The human digestive tract, while living, measures approximately 20 feet long. Your mouth is the entrance, and your anus is the main exit. When you swallow foods or beverages, you also swallow air, which contains oxygen and nitrogen. Carbonated sodas contain carbon dioxide, which might cause belching, flatulence or indigestion. Sodas also contain water and caffeine, which is extracted through digestion.
Your mouth houses salivary glands that produce saliva when you eat or drink. Saliva promotes swallowing and contains an enzyme called amylase, which initiates the process of digestion by converting starches in a food or beverage into simple sugars. It helps wash contents down the throat. You might voluntarily initiate a gulp of soda but once it begins, it becomes involuntary and is controlled by the glossopharyngeal, vagus and hypoglossal nerves.

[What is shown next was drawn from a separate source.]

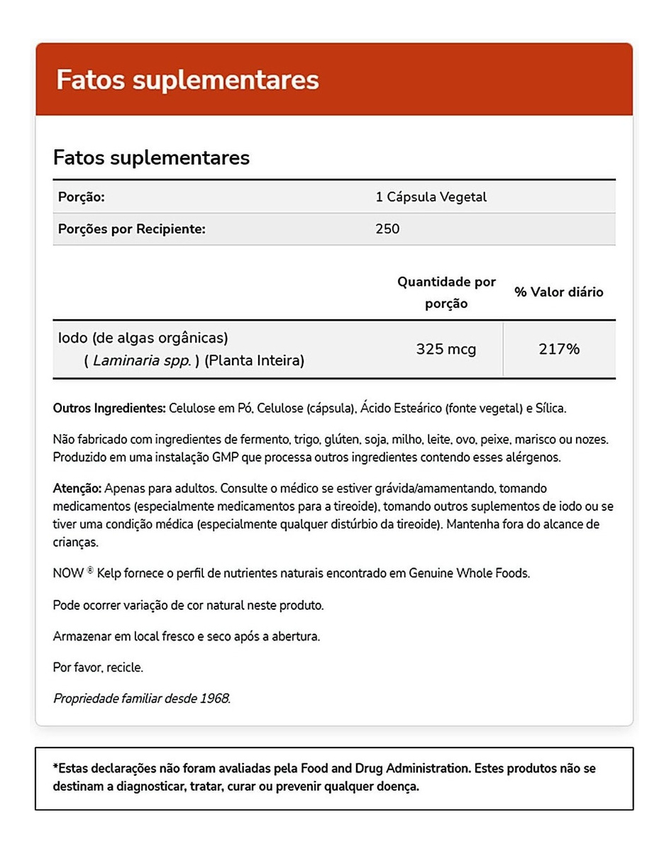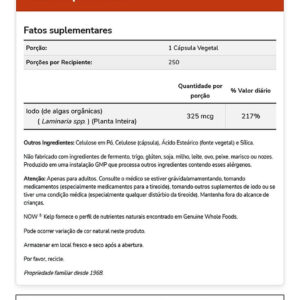 Avis: somente para adultos. Consulte um médico se estiver grávida, amamentando ou tomando medicamentos (especialmente medicamentos para a tireoide), se estiver tomando outros suplementos de iodo ou se tiver um problema de saúde (especialmente distúrbios da tireoide). Mantenha fora do alcance de crianças.

Because a carbonated soda is a liquid, it easily passes down the esophagus, which links the throat and stomach. The National Digestive Diseases Information Clearinghouse reports that a “ring-like muscle” called the lower esophageal sphincter sits at the junction of the esophagus and stomach. When you swallow a gulp of soda, this muscle relaxes and opens to allow its entrance into the stomach.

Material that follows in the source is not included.